Further production cuts are still possible, but relative to peers, we think the group benefits from lower operational and financial leverage. The latest results were at the top end of market expectations, and the company stood out from the pack by delivering on its dividend commitment, raising the interim payment by 41%.
Friends Provident: Friends Provident has proven a strong performer relative to the market in recent months on account of its defensive balance sheet and attractive valuation. The group encountered significant difficulties at the start of 2007, but following a number of strategic reviews, and a new management team, the future now looks brighter.
Compared to its life insurance competitors, the solvency and capital position is much stronger, with very little exposure to corporate bond default or further equity market falls. Last year the group moved its accounting to the new MCEV standard under conservative assumptions, so we expect no surprises on this front. The valuation is undemanding and the overseas division should provide growth opportunities.

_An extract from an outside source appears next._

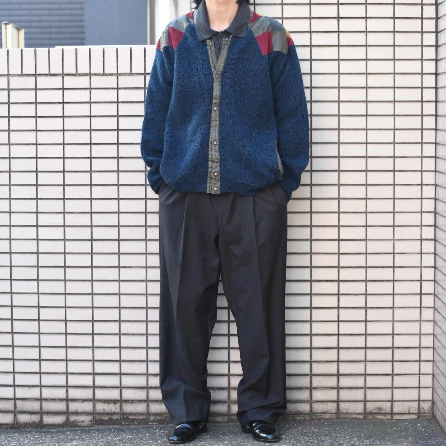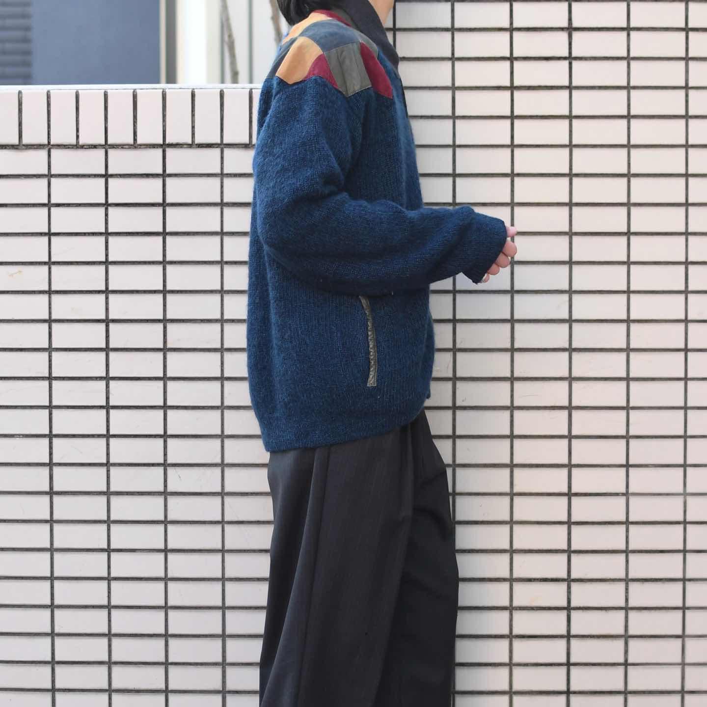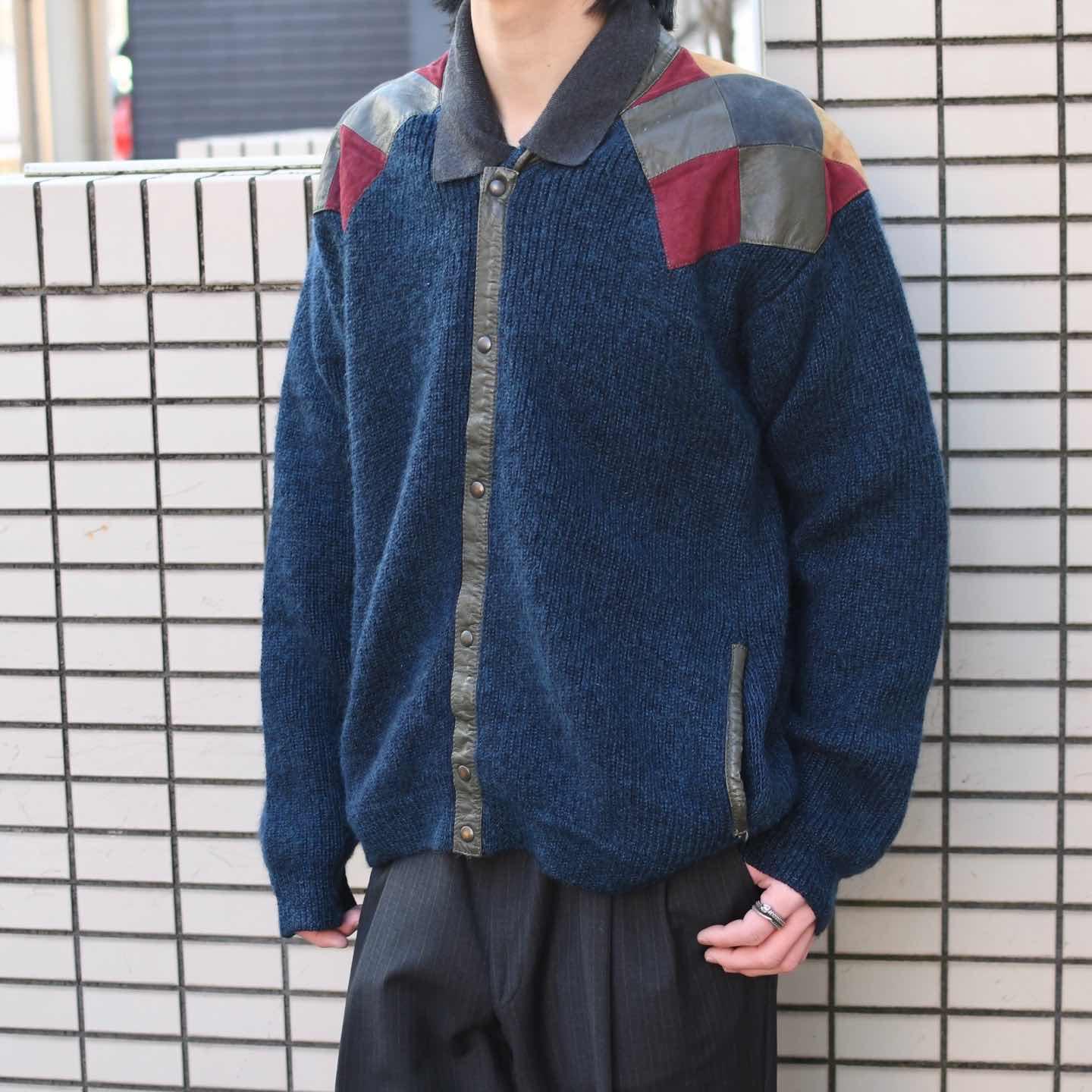古着 レザー パッチワーク ニット ブルゾン ブルゾン デザインニット ブルー

Standard chartered: Was a standout performer at its full-year results. Following its rights issue, its capital position looks quite strong, and it was able to add to its capital through improved profits in H2. While Standard Chartered is seeing slowdowns in both its consumer and fast-growing wholesale divisions, we still think its geographic diversity and lack of exposure to the leverage problems in the western economies place it at a fundamental strategic advantage.
We rate the shares as outperform with double-digit total return upside from current levels.
Wood Group: Wood Group’s full-year results highlighted the defensive qualities of the business, and the tone of guidance for the next couple of years was fairly confident. Similar to other oilfield services companies, we expect Wood Group to be negatively affected by the cutback in oil & gas and utility companies’ investment programmes, and margin expansion will probably stall in the medium term.
However, on a relative basis, we continue to believe Wood Group should fare better than peers, offering an attractive combination of operational visibility, growth prospects and low financing risk.